The leaf platform consisted of a coffee leaf that we cut in two places on one side of the leaf

Limited prior research that has looked at the effects of multiple soil management practices indicates that metrics for soil health are a product of both inherent soil properties and dynamic soil properties . Whether available soil indicators could translate these soil properties and processes when management systems are complex remains unclear. As an added layer of complexity, field variability is hard to distinguish from management-induced changes in soil properties . To address this challenge, prior studies have suggested increasing samples, the number of sites, and sampling strategies that account for spatial and temporal variability ; however, as farmers themselves expressed in this study, such an approach requires additional time and resources, and may not increase their utility—at least to farmers—in the end. In this sense, farmer knowledge may serve as an important mechanism for ground-truthing soil health assessments, particularly when management is synergistic and does not rely heavily on organic fertilizers. As emphasized by our results above, farmer involvement in soil health assessment studies is imperative to better converge soil indicators with farmer knowledge of their soil. Lastly, our results also highlight the utility of incorporating information about nitrogen-based fertilizer application on sampled field sites, round plastic pot particularly when assessing soil indicators on working farms with a large variation in the quantity of N-based fertilizers applied .

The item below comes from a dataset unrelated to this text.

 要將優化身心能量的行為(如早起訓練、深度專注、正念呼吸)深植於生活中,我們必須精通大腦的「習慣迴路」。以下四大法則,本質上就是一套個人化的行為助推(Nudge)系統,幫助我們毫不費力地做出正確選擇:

Farms on the low end of additional organic fertilizer application showed minimal differences between farmer selected fields for soil fertility, particularly in terms of soil inorganic nitrogen —which suggests that differences in soil fertility in fields with more circular nutrient use may be less detectable using commonly available soil indicators. This cursory finding here corroborated farmer observations touched on in the previous section above, and requires further investigation to see if similar trends extend to other organic systems. Here, we have identified several gaps in the utility of commonly available indicators for soil fertility among a unique group of organic farmers in Yolo County, California using interviews with farmers and field surveys. Our study highlights that if available soil indicators are to be considered effective by farmers, they must be grounded in farmers’ realities. Moving forward, working in collaboration with farmers to close this continued gap in soil health research will be essential in order to ground widely available soil indicators in real working farms with unique management systems and variable, local soil conditions. This approach is particularly needed among organic farms that do not rely extensively on nitrogen-based organic fertilizers and additional nutrient input to supply their fertility, as available soil indicators do not adequately reflect farmers’ descriptive metrics for soil fertility.

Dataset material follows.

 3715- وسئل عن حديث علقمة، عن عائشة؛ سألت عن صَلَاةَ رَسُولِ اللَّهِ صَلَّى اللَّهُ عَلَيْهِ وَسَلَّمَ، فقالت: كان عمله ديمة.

Moreover, our research elevates concerns that currently available soil indicators used in soil health and fertility assessments may not fully capture the complex plant-microbe-soil interactions that regulate soil fertility, particularly on organic farms that use minimal organic fertilizer application. Moving forward, additional studies that pursue a deeper dive into nutrient dynamics across a gradient of management and varying nitrogen-based fertilizer input is needed. Overall, the strong overlap between farmer knowledge in this study and ongoing soil health research speaks to the opportunity to further engage with farmers in developing useful indicators for soil health and fertility that are better calibrated to local contexts and draw on local farmer knowledge. A deeper investigation of farmers knowledge systems, in particular farmer understanding of soil function in connection with crop productivity, soil health, and soil fertility, represents a critical path forward for this research arena. Additionally, we recommend placing greater emphasis on developing descriptive indicators for soil health and fertility in collaboration with farmers that are better integrated with ongoing qualitative soil health and fertility metrics. These descriptive indicators should not be developed in isolation to ongoing research on soil health and fertility assessment, but rather as an integrated research process among scientists, farmers, and extension agents—importantly, with scientists as listeners working toward a shared language. Ants benefit plants . Humans have known this for quite a long time. In fact, ants were described as biological control agents in China around 304 AD . Surveys of tropical forests show that up to one third of all woody plants have evolved ant-attracting rewards .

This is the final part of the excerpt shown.